Family lawyers will draft divorce papers and serve them, along with helping couples figure out a child custody agreement. They will also preside over adoption cases also either in or out of the court system and are called in for foster agreements as well.
Types of Criminal Law
In criminal law, there are two types of components that render something a criminal offense.
Mala in se in the Latin terms for an act of behavior that society deems illegal and inappropriate where a charge would be warranted for example murder, robbery, and rape. These types of crimes are generally considered violent crimes.
Mala prohibita, on the other hand, means an act or behavior that is against a law or statue for example tax fraud or copyright violations. Typically they are less violent crimes but crimes nonetheless.
Besides separating into the components, criminal law can be divided further into the types of charges available. These are classified by misdemeanors and felonies.
Misdemeanors are typically the less serious of the two types of criminal law charges, carrying a maximum sentence of one year or less. The types of crimes to be considered misdemeanors are traffic offenses like DUIs, theft charges, and drug possession charges.
Depending on the circumstances of the case, a judge may opt for no jail time and instead issue community service and fees to be paid.
Felonies on the other hand are made up of the more serious types of crimes.
These types of charges can hold up to a life sentence in prison and the death penalty in some states depending on the severity of the crime and the judges decision. These cases will involve murder in the first, second, or third degree, rape, grand larceny, and aggravated assault.
How Is Civil Law Different
As we mentioned before, civil law does not have to mean a case sees the inside of a courtroom.

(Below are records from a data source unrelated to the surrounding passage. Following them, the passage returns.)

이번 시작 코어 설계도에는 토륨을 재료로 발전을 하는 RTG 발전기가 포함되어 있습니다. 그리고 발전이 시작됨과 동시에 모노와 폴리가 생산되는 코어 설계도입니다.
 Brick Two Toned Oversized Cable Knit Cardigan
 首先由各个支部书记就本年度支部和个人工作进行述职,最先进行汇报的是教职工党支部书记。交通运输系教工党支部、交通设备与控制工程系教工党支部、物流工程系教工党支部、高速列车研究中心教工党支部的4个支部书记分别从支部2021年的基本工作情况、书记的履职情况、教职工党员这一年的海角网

Most of the time, civil law cases are settled outside of court or are just your run of the mill paperwork drafted by the lawyer from whichever area you need them.
Civil law proceedings will also not involve a jury if it does go to the courtroom, and will rely on a single judge to make a ruling on the outcome.

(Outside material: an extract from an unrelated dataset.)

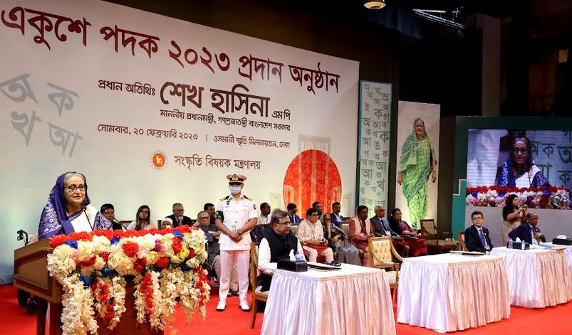 সরকার প্রধান আজ সকালে রাজধানীর ওসমানী স্মৃতি মিলনায়তনে ‘একুশে পদক-২০২৩’ প্রদান অনুষ্ঠানে প্রধান অতিথির ভাষণে এ কথা বলেন। অনুষ্ঠানে বিভিন্ন ক্ষেত্রে অবদানের স্বীকৃতিস্বরূপ ১৯ জন বিশিষ্ট ব্যক্তিত্ব ও দ’ুটি প্রতিষ্ঠানের মাঝে পদক বিতরণ করেন প্রধানমন্ত্রী।

Usually, people see civil law as the less glamourous of the legal system as they’re less shocking and generally low excitement. Shows like Judge Judy are a great example of civil law at work but of course, more ramped up to lure in the viewers and keep them entertained.

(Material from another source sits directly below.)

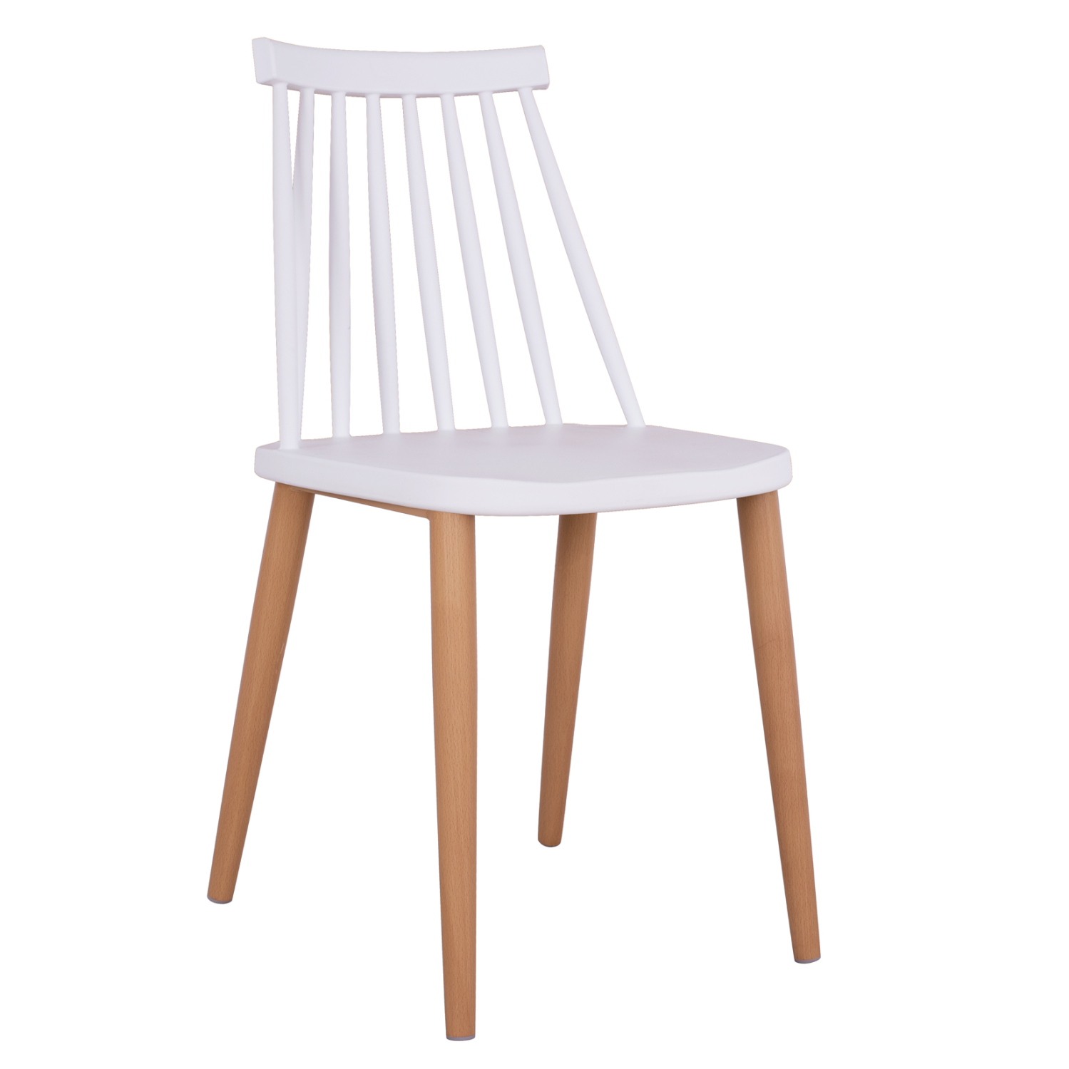 Μοντέρνα καρέκλα τραπεζαρίας VANESSA με κάθισμα από πολυπροπυλένιο και μεταλλικά πόδια με απόδοση στο φυσικό χρώμα του ξύλου.

Generally, as most lawyers will tell you, civil law is time consuming and detailed paperwork the majority of the time with a few sprinkles of court cases in between. Typically as a civil lawyer, you will see your desk and clients more than you will a courtroom.
How Is Criminal Law Different
Depending on the severity of the charges and case there may be a choice between a hearing by judge or jury.
Typically, more serious charges will involve an impartial jury of twelve neutral and unbias citizens who will listen to the case and determine a verdict. The entire jury needs to be in unanimous agreement on the verdict or else a hung jury is announced.
A hung jury means the proceedings are called to a mistrial and there is the option of pursuing a new trial with a new jury or the prosecution can opt to drop charges. Generally, if the charges are serious enough the prosecution will rarely drop charges.
Criminal law is the type of law that receives the most public attention either through the media or through television. Now popular shows on Netflix like Making A Murderer and American Murder: The Family Next Door have created more demand for shocking criminal law documentaries.
This type of law has more intrigue and excitement as the shock value in the cases is quite high. Especially in the states where cameras are allowed in the courtroom, citizens can be a part of the whole criminal justice system experience from the comfort of their own couch. No wonder it’s got such pull!
Civil vs Criminal Law Explained
We hope that this deeper dive into explanations of civil vs criminal law will give you a better understanding of the legal world if ever you find yourself in any of these types of laws. It’s good practice as a citizen to be aware of the justice system where you live so that if you ever would have to enter it you’d know what is going on.